Ms Broadhurst said: "In Cambridgeshire, health and social care services were integrated in 2004 and therefore we already have a head start in achieving the vision set out by the Department of Health. Integrated health and social care services for older people have helped us to provide initiatives such as the community access team, falls service and rehabilitation services for older people."
The community access team at the Prince of Wales Hospital, Ely, is proud of the increased level of service it has been able to offer to clients since it was established in July 2004.
This service encompasses intermediate care, palliative care and the out-of-hours nursing service. Since the introduction of the single access point to take all referrals, the service has become simpler to access and therefore more efficient. The level of referrals has increased, together with the level of care offered. The team can now support admission avoidance clients, the supported orthopaedic discharge scheme, intermediate care, including the provision of equipment and assessment of client needs, palliative care to meet the needs of clients at the end stage of their illness, and out-of-hours nursing needs.
The team has also welcomed the successful integration of the personal support workers from the home care service, further expanding the service we can offer.
It is hoped that with the development of the team into Fenland, there will be further expansion to include therapy services in the client's home, together with enhancing the links with the Carlisle and Trafford Units at Wisbech.
The PCT is also working hard with the discharge facilitators from the acute hospitals on the proposed development for intravenous therapy and blood transfusions. This will enable them to be administered at home and in the community hospitals by intermediate care staff.
The White Paper identifies five areas for change. Personalised care will be driven by better access and more funding following the patient. NHS walk-in centres will also be expanded. Services will be brought closer to people's homes through investment in community hospitals and facilities and shifting care safely away from hospitals.
There will be better co-ordination with local councils, improving the way information is shared between social services and health care providers, and increased choice will be underpinned by a direct payment or care budget for people to pay for their own home help or residential care.
PCTs will be required to act on the findings of regular patient surveys.
Prevention of illness will be targeted through several measures, including establishment of more healthcare teams to deliver better care across institutional boundaries. A new NHS life-check service will be introduced and a 'fitter Britain' scheme will be launched as part of the build-up to the 2012 London Olympics.

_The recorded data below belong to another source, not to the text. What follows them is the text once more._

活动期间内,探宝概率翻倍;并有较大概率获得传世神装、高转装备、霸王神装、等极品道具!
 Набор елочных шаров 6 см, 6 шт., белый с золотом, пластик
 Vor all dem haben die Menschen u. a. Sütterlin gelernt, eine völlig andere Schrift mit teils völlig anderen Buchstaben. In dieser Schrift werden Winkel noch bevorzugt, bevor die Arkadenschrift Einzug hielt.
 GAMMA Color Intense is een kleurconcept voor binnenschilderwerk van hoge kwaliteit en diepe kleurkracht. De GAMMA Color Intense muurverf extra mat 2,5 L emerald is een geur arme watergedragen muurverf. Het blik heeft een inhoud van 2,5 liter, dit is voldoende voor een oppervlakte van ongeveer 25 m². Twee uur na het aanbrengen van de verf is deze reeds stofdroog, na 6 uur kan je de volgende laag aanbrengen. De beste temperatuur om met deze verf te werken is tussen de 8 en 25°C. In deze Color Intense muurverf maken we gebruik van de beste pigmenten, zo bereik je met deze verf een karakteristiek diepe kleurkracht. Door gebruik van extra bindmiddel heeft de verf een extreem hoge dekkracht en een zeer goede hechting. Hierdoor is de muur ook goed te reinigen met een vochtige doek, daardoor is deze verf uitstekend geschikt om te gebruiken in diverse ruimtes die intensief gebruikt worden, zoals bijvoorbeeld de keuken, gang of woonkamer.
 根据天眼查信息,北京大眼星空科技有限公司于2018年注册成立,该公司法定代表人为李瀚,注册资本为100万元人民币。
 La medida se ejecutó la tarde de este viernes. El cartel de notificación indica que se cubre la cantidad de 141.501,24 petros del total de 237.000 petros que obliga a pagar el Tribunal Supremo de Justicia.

Practice based commissioning is also good for taxpayers. The accountability and support being put in place will ensure the best and fairest use of public resources. It is about engaging practices and other primary care professionals in the commissioning of services.
Ms Broadhurst said, "Through practice based commissioning, front line clinicians are being provided with the resources and support to become more involved in commissioning decisions.

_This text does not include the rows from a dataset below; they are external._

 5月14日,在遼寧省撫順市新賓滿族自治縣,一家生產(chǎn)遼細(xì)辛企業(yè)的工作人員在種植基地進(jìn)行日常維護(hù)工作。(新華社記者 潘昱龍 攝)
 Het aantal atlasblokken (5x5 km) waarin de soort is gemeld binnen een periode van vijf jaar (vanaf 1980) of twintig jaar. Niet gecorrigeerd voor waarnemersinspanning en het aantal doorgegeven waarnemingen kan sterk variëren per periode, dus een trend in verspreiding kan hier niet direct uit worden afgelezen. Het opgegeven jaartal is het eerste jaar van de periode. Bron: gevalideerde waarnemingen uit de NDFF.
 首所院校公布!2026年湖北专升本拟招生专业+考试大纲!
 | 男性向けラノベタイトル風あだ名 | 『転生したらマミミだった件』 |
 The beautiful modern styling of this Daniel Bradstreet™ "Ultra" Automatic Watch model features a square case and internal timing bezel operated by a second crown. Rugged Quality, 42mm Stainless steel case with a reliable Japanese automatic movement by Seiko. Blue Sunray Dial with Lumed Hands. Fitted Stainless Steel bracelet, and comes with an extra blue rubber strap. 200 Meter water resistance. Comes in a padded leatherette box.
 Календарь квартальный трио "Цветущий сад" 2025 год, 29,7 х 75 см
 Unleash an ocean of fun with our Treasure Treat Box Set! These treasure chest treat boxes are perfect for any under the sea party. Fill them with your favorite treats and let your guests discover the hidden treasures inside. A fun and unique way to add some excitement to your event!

"Practices will receive information on how their patients are using health services. This information can then be used to highlight services, which can be redesigned by front-line clinicians for the benefit of patients. Practice based commissioning will give clinicians greater flexibility to tailor services to the needs of the community.
Quality and choice of services will improve and patients will benefit from more services being provided with greater convenience in the community. In particular, patients with long-term conditions will be able to benefit from a more individualised service.